Iowa’s school-aid formula is incredibly complex,
involving one or two bites out of the property
tax, an income surtax in some places, a special
tax in some communities, and money from the
state. There are probably only 17 people in
the whole state who understand it, and three
or four of those are probably dead. The system
itself has long been tilted toward mediocrity
because there has long been a cap on what districts
can spend per student. So even if the people
in a town wanted to tax themselves to double
their spending on the town’s schools, they couldn’t.
In 1989, the Legislature dealt with this in
part. It said that beginning in 1992 a district
could increase its budget by 10 percent over
the formula, and it set up a complex scheme
to pay for that with a combination of state
and local money. Poorer communities got a bigger
share of the state money for their students;
richer communities got less. Taken as a whole,
the state agreed to fund 25 percent of the program.
And it did. For one year.
As it turns out, taxpayers in more and more
communities have been willing to shell out extra
so the town’s kids could learn a little more.
Initially, 156 of 425 districts signed up. By
this year, 334 of the state’s 351 districts
— all but 17 — have joined the program, with
citizens allocating nearly $200 million of extra
local taxes for their local schools. Parents
want their children to learn.
But legislators and the governor apparently
don’t.
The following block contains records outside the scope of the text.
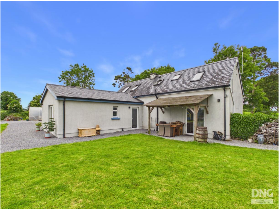
Residence on c. 5.26 Acres, Gorteenclough Or Corra More, Athleague, F42 HK35
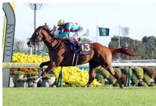
Urban Chic, winner of 2024 Kikuka Sho

leader in his final strides for a second grade-race title. Hopes are high for the three-year-old colt in the coming Tenno Sho (Autumn)
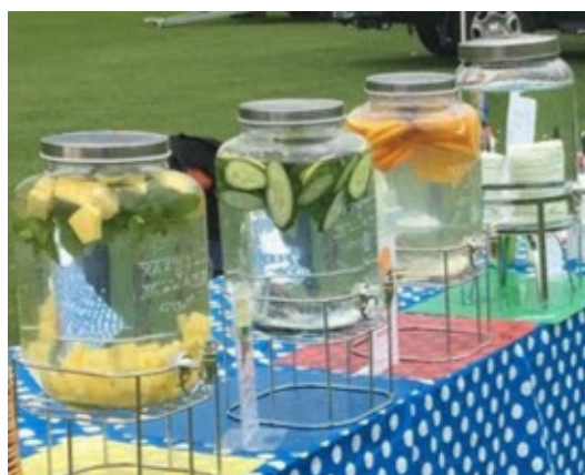
Water dispensers with fresh fruit and ice are part of the 'water kit' available from Healthy Futures.

There is a water-only schools section on the Regional Public Health website www.rph.org.nz/water-only-schools that has lots of tools, resources and links for more information. This page will be regularly updated with the latest information and tools.
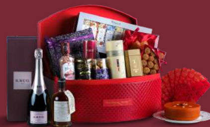
Summer Palace Golden Jubilation Hamper

Original Price HKD6,188 / Discount Price HKD4,950.4
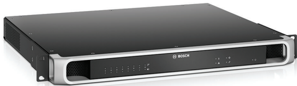
PRA-AD608 with 8 channels

This is a flexible and compact multi-channel power amplifier for 100 V or 70 V loudspeaker systems in Public Address and Voice Alarm applications. It fits in centralized system topologies, but also supports decentralized system topologies because of its OMNEO IP-network connection, combined with DC-power from a multifunction power supply. The output power of each amplifier channel adapts to the connected loudspeaker load, only limited by the total power budget of the whole amplifier. This
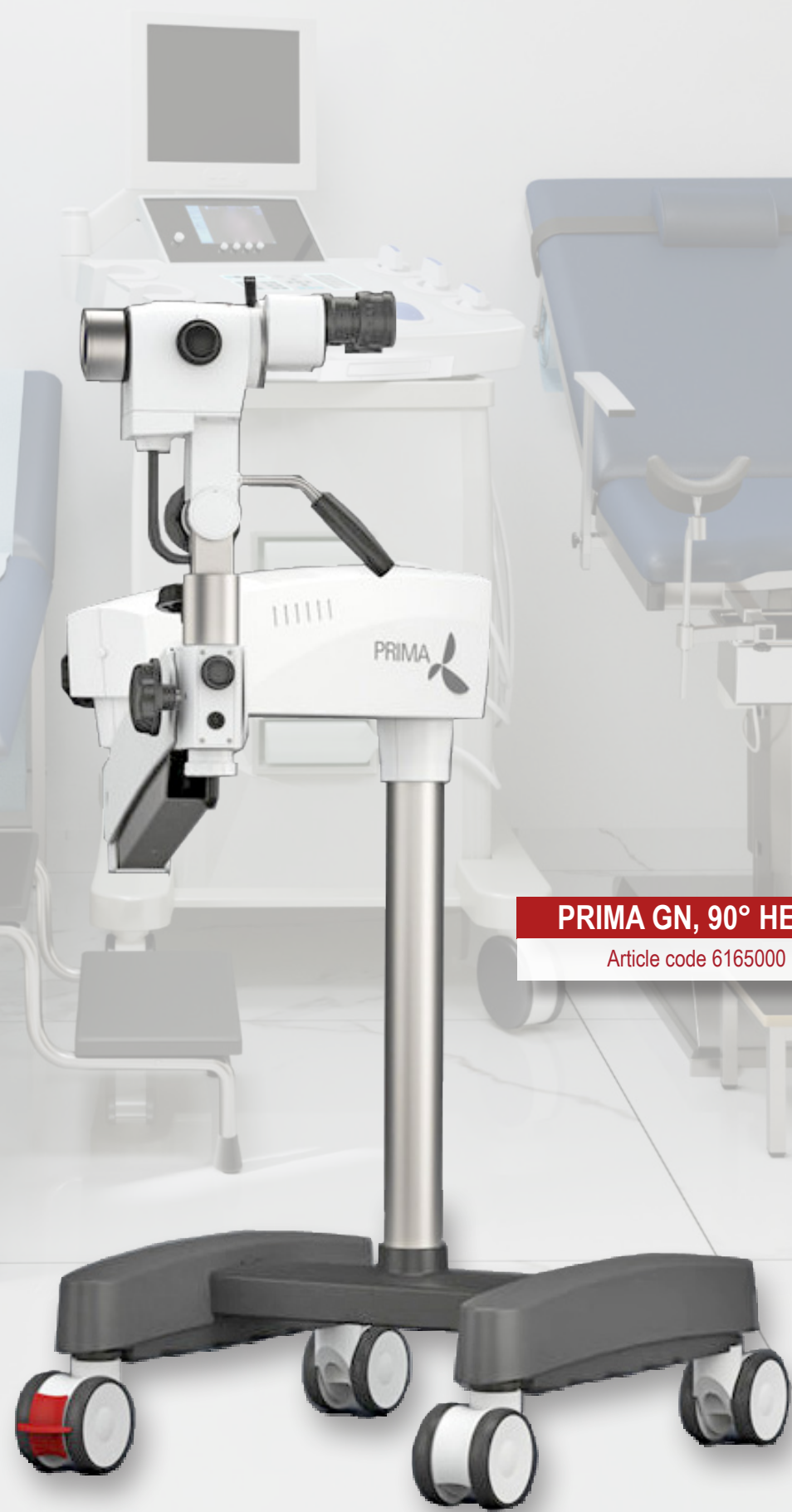
PRIMA GN, 90° HEAD Article code 6165000

A powerful LED light source in combination with a superb optical system makes the Prima GN a valuable partner for diagnostic and surgical work.
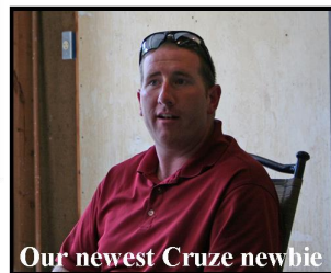
Our newest Cruze newbie
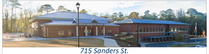
CARY WOODS ELEMENTARY

Beginning in 1993, the state kept slicing
the percentage it paid for. They did this by
capping the state outlay at $14 million to $15
million, so as more districts signed up, there
was less for every student. Then for this year,
they said to hell with it — and they eliminated
all state funding. So a number that, by formula,
should have been $68,466,052 turned out to be
zero. Because the state aid was designed to
help poorer communities the most, the elimination
of the program hurts them the most — cutting
as much as half the program in some communities.
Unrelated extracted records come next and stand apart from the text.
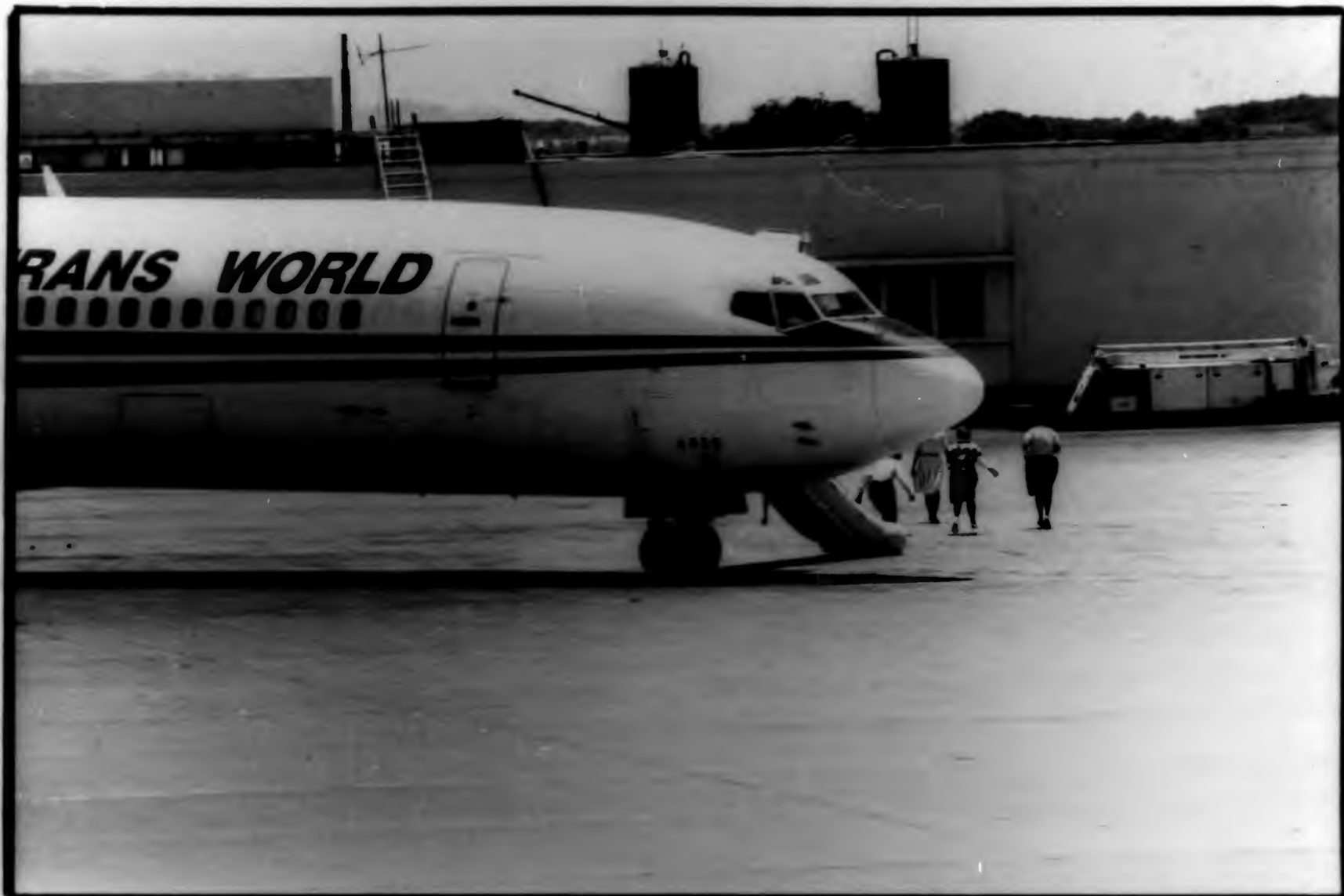
(BEI-10) BEIRUT, LEBANON, JUNE. 14 (AP)—SLIDE DOWN—Some of the 19 freed women and children slide down an escape chute at the front door of the hijacked American Trans world airlines jet at Beirut International Airport Friday. The boeing 727 with 145 passensgers was seized by two hijackers on an Athens-Rome flight and diverted to Beirut. The plane later arrived Algeria airport. 1985
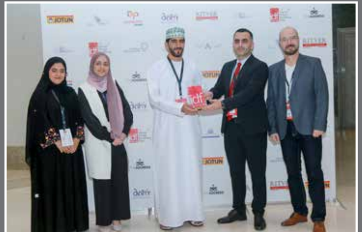
ENGINEER ARCHITECTURE - INTERIOR DESIGN
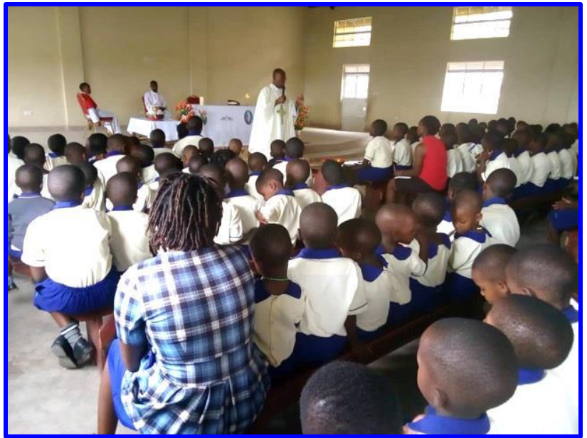
One look at the student body during Mass leaves no doubt that a larger chapel is going to be needed very soon!
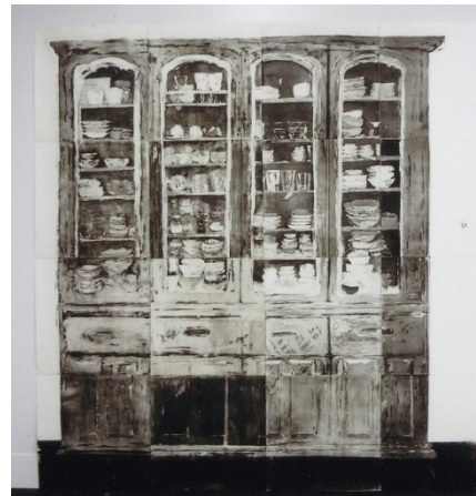
Cupboard Etching 200×200cm 2014

2014 39th National prints exhibition for art university students, museum purchased
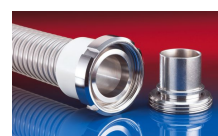
CONNECT MOULD ASSEMBLY 233
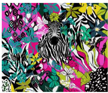
Zebra in the pink
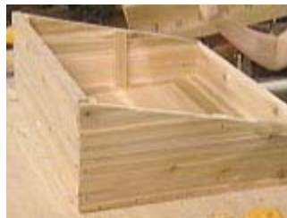
Completed box without window
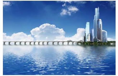
ar021 | 20 968 KB

Adding craziness to dumbness, the state has
told the districts they may not spend their
own money to make up the shortfall.
All of this is laid out pretty clearly in a
16-page report issued last Thursday by the nonpartisan
Legislative Services Agency. Don’t bother to
read it; you’ll just get pissed off.
Watch what they do, not what they say. ...
Real-estate news: Rochelle Levy has sold her
5,000-square-foot home at 28 35th St. to Heidi
Muelhaupt for $849,000, a bit below the latest
assessed value of $908,700, according to county
records. It was the second highest sales price
for a single-family home in Des Moines this
year, trailing only the $1,026,000 that Thomas
Bernau paid Dan Stanbrough for his 7,300-square-foot
home nearby at 10 35th St.
University news: Charlie Cook, probably the
nation’s best political analyst, will be the
first Harkin Lecturer at the new Harkin Institute
of Politics at Iowa State University. Cook,
a regular TV commentator and author of the widely
followed Cook Political Report (often described
as “acclaimed”), will speak at noon on Nov.
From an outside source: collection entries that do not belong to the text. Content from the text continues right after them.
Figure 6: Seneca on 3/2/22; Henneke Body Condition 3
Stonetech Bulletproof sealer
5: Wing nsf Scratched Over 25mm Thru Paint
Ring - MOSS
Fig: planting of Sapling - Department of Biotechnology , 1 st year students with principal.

29 at the Iowa State campus. The talk is free.
It’s the first official — or nonofficial, for
that matter — function of the new Institute,
which recently named ISU professor Dave Peterson
as acting director. The nonpartisan Institute
will house the papers of Iowa Senator Tom Harkin,
will bring in scholars and lecturers and will
become a resource center for areas Harkin has
concentrated on — particularly agriculture,
health, education, and disabilities. The New
York Times has described the Cook Political
Report as “a newsletter both parties regard
as authoritative.”
Jobs news: Iowa nonfarm employment at the end
of September was 1,488,600, up from 1,473,600
a month earlier and up 500 jobs from when Terry
Branstad took office at the start of the year,
according to the Legislative Services Agency.
With the new figures, the governor has only
199,500 jobs to add to fulfill his pledge of
200,000 new jobs over five years. However, at
the rate he’s going — 50 jobs a month — it will
take 333 years to reach his goal. Put another
way, if Branstad is re-elected to another 75
four-year terms, he’ll reach the goal.